The availability of the draft Btau3.1, and more recently the Btau4.0, assemblies of the bovine genome, which include sequence data derived from skim sequencing of a large number of BACs from the CHORI-240 library, provides an opportunity to determine the integrity of the BAC fingerprinting, BAC end sequencing and full BAC sequencing. In addition, it should also be possible to identify the most likely procedure during which a problem occurred. All three sets of data are incomplete, the Btau3.1 genome assembly is only a draft assembly, not all BACs have been fingerprinted and of those that have, not all have been included in contigs. Finally many BACs have only one or even no BES reads available (Table ).

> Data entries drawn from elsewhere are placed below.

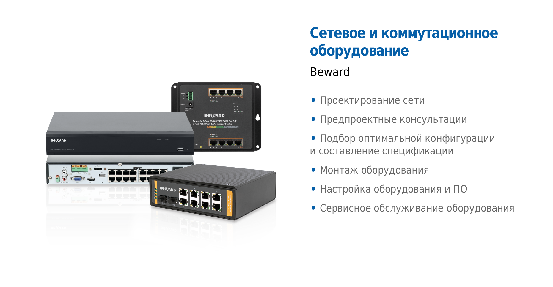В системах IP-видеонаблюдения для передачи данных очень важную роль играют Ethernet коммутаторы. Коммутаторы BEWARD используются в системах видеонаблюдения при решении задач различного уровня.
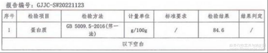 以下是摘选的本实施例的蛋白质含量部分检测报告:
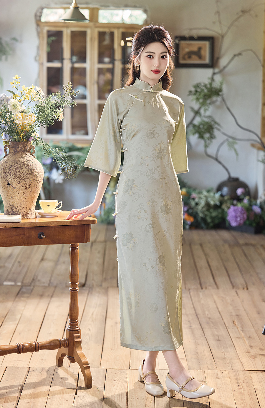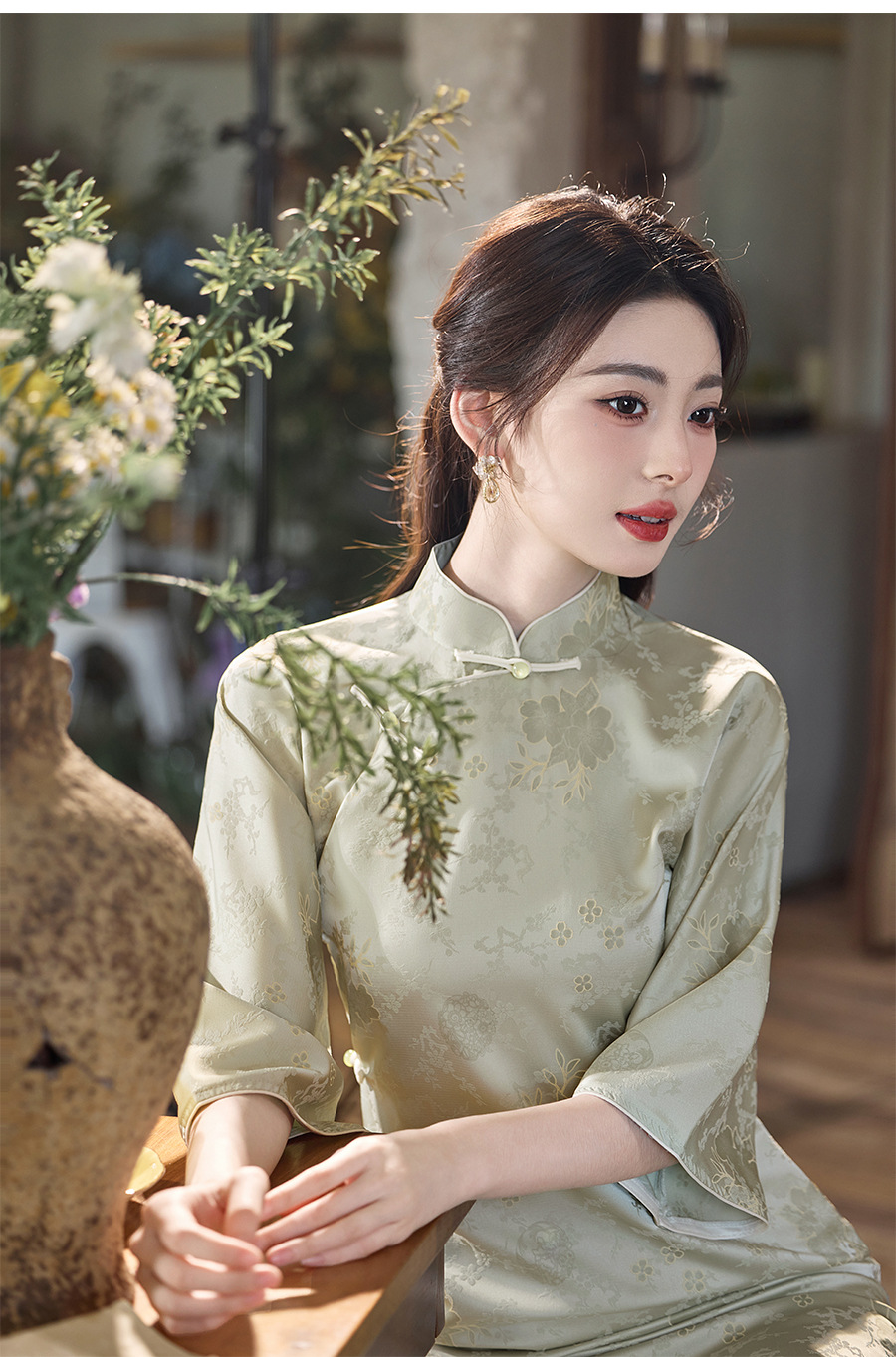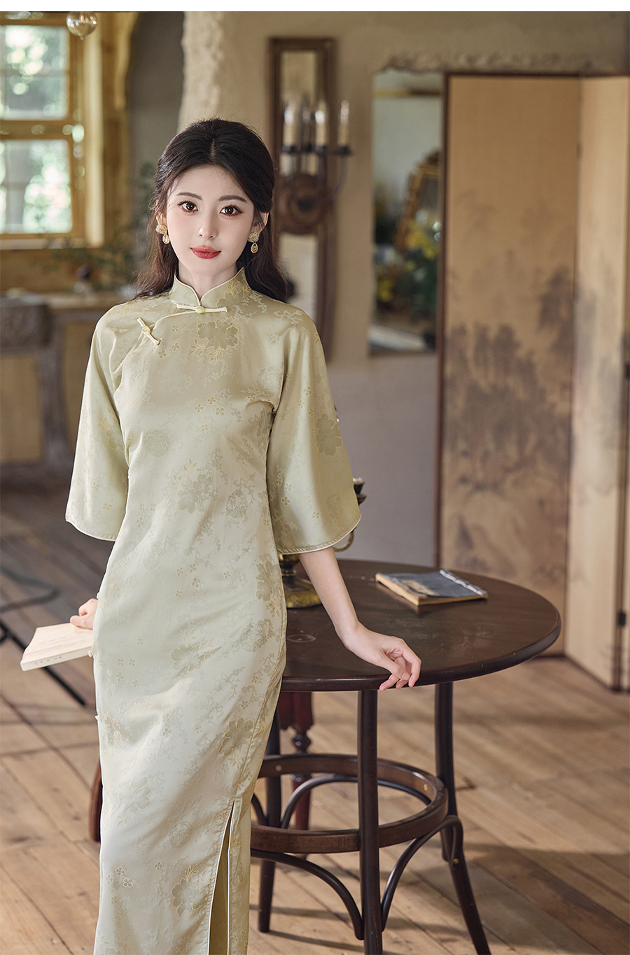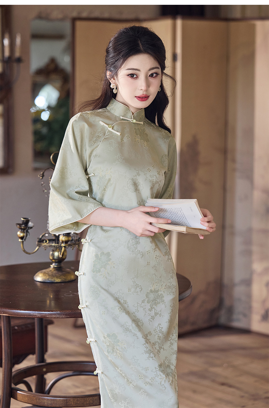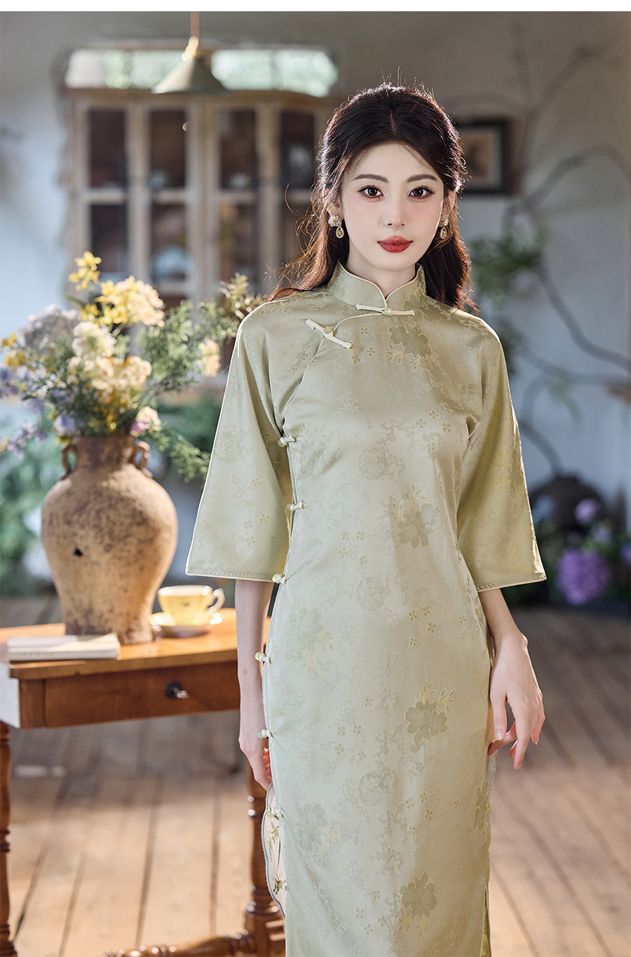 全开襟古法旗袍2025新款秋季绿色复古倒大袖日常可穿少女素雅气质
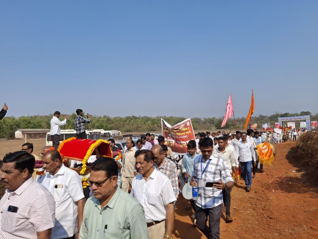 चिपळूण:- कोकणातील नमन, संकासूर, लेझीम पथक, पारंपारिक वेशभूषा, वारकरी व भक्तीमय देखावे साकारत चाललेली ग्रंथदिंडी पालवण पंचक्रोशीत दुमदुमली. जिवंत देखावे व लोककलेतून भारतीय सस्कृतीचे दर्शन देखील यानिमीत्ताने घडले. साहित्यीक, कृषी व सहकार क्षेत्रातील अनेकांनी या ग्रंथदिंडीत सहभाग घेत मोठ्या उत्साहात पालवण येथील ग्रामीण, कृषी, सहकार मराठी साहित्य संमेलन २०२६ चा शुक्रवारी मोठ्या उत्साहात शुभारंभ करण्यात आला.
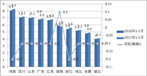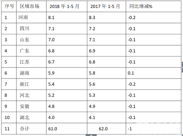 根据统计,全国销量前10名的主流区域,2018年1-5月价格在30万以下的低档客车市场份额与去年同期比较统计表(%):
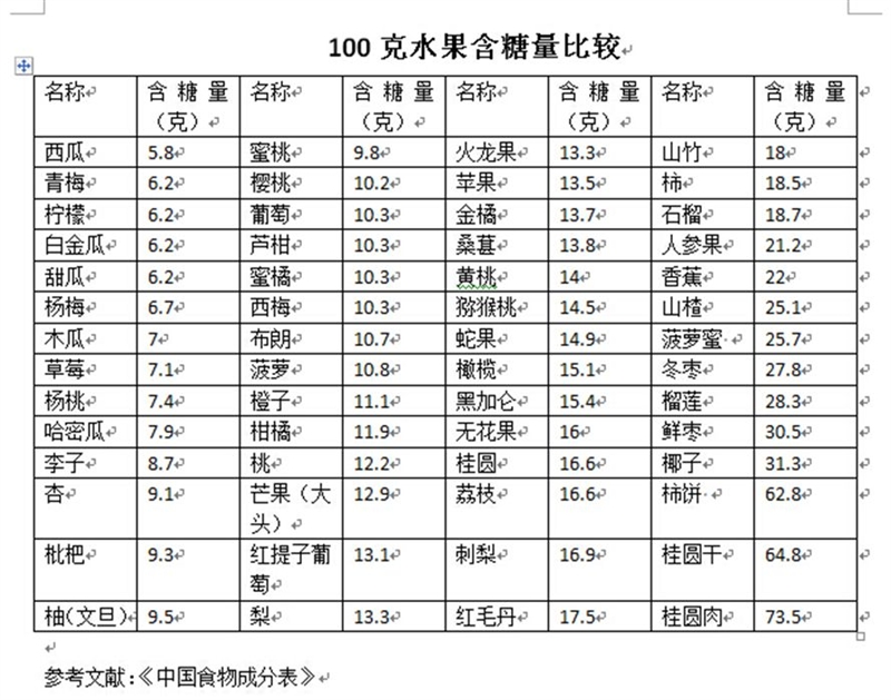 ??? 對(duì)于許多糖媽媽來說,能不能吃水果?可以吃哪些水果一直是個(gè)困擾。大部分患者對(duì)水果的選擇會(huì)根據(jù)水果的甜度來選擇,比如認(rèn)為火龍果不甜可以吃,西瓜很甜不能吃。而事實(shí)上水果的甜度是由本身所含的糖的種類及含量決定的,并不是越甜就代表這種水果含糖量越高。水果中所含的糖主要有果糖、葡萄糖、蔗糖。果糖的甜度是葡萄糖的2-3倍、是蔗糖的1.7倍??梢娝橇扛叩筒皇桥袛嗵鸲鹊奈ㄒ恢笜?biāo)。那么糖媽媽該如何選擇水果呢?
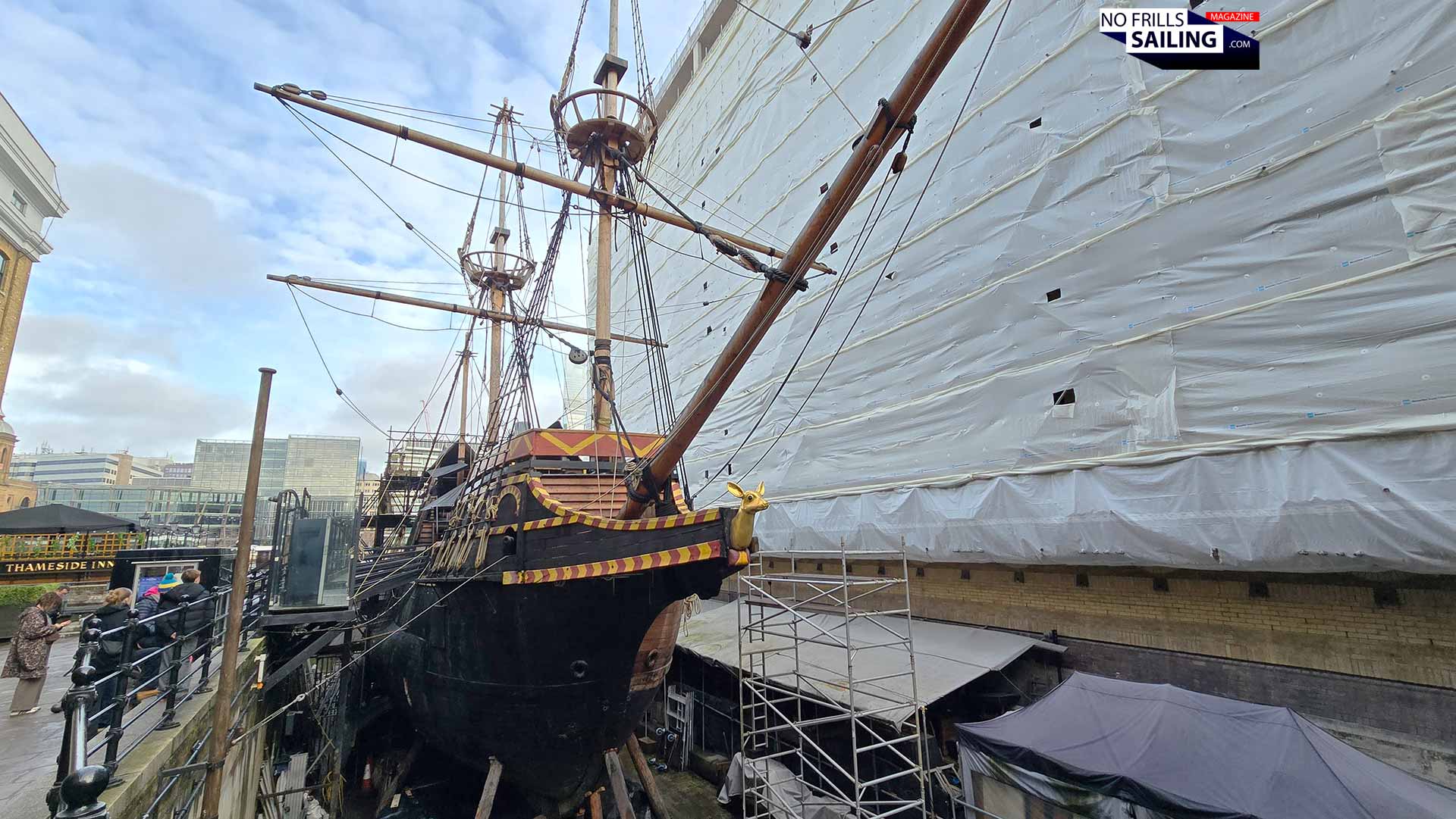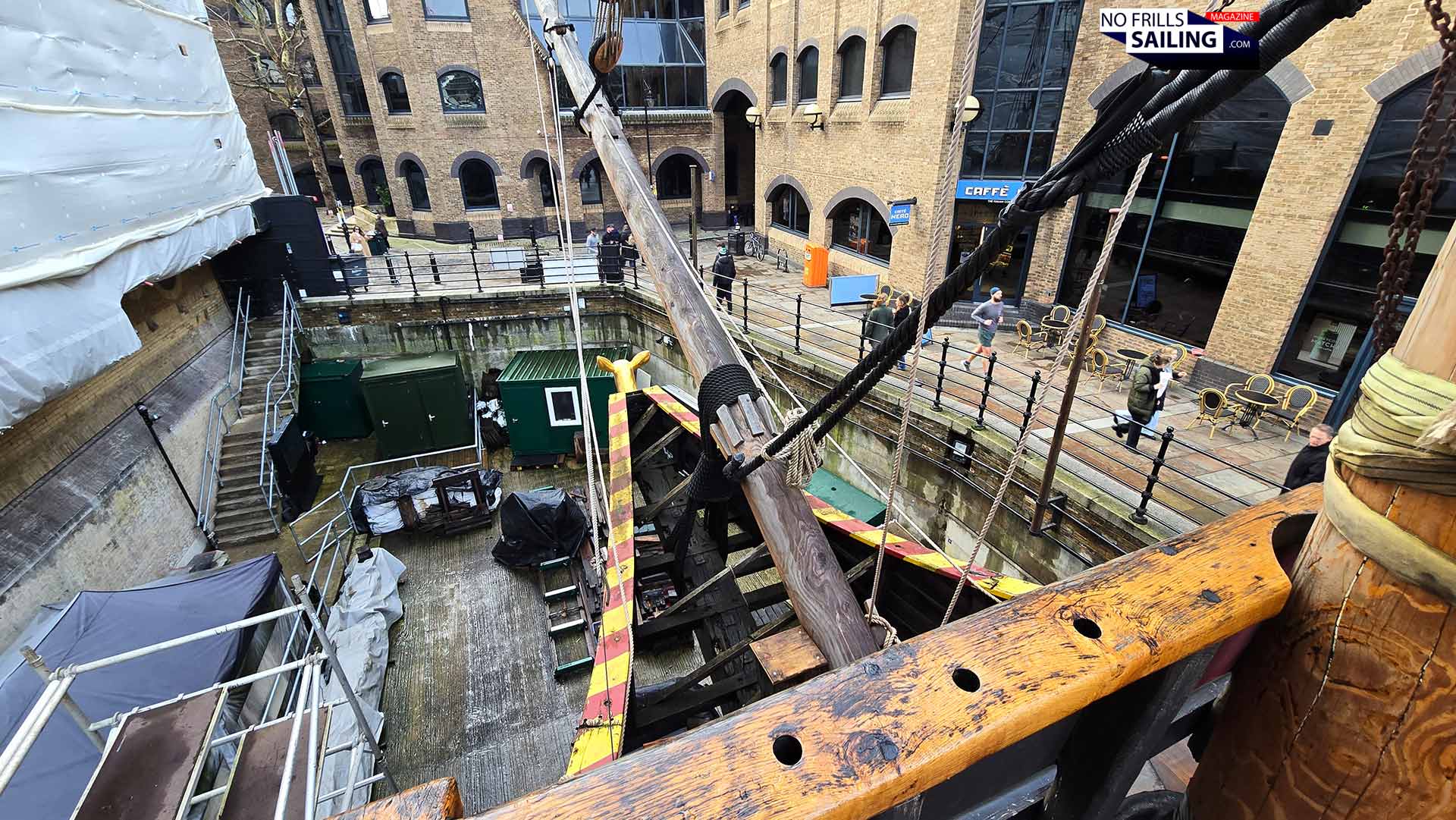 It´s not hard to find the museum ship nor is she far away. You do not have to take the tube to reach her nor do you have to walk far. The GOLDEN HINDE is located just between London and Southwark bridges on the southern bank of the river Thames. Her place is called Saint Mary Overie´s Dock, right behind a thick barrier blocking off the river to flood her final resting place. In this, she´s easy to miss right now (February 2026), as there is heavy construction going on, kind of “hiding” the ship a bit.

By comparing the positions of the same BACs in the genome assembly, using the BESs and other non-BES data from the same BAC, and in the BAC fingerprint based genome, BACs can be divided into groups on the basis of consistency between the various combinations of the three datasets (Fig. ). The challenge is to develop a methodology that enables the identification of problems and to make predictions about BACs for which we only have incomplete information. The high level of automation in the processing of the samples and the use of multi-channel pipettes etc. may help us do this since we might expect patterns of problematic BACs to be identifiable and thereby allowing us to make predictions based on patterns. Sporadic problems will be harder to detect and impossible to predict at the level of individual BACs.
Numbers of fingerprinted and end sequenced BACs
Diagrammatic representation of the multi-way analysis of the BAC fingerprint map, BAC-end sequences and BAC sequences.
Here we undertake the three way comparison of BAC-based genomic datasets using the International Bovine BAC Mapping and Genome Sequencing Consortia datasets.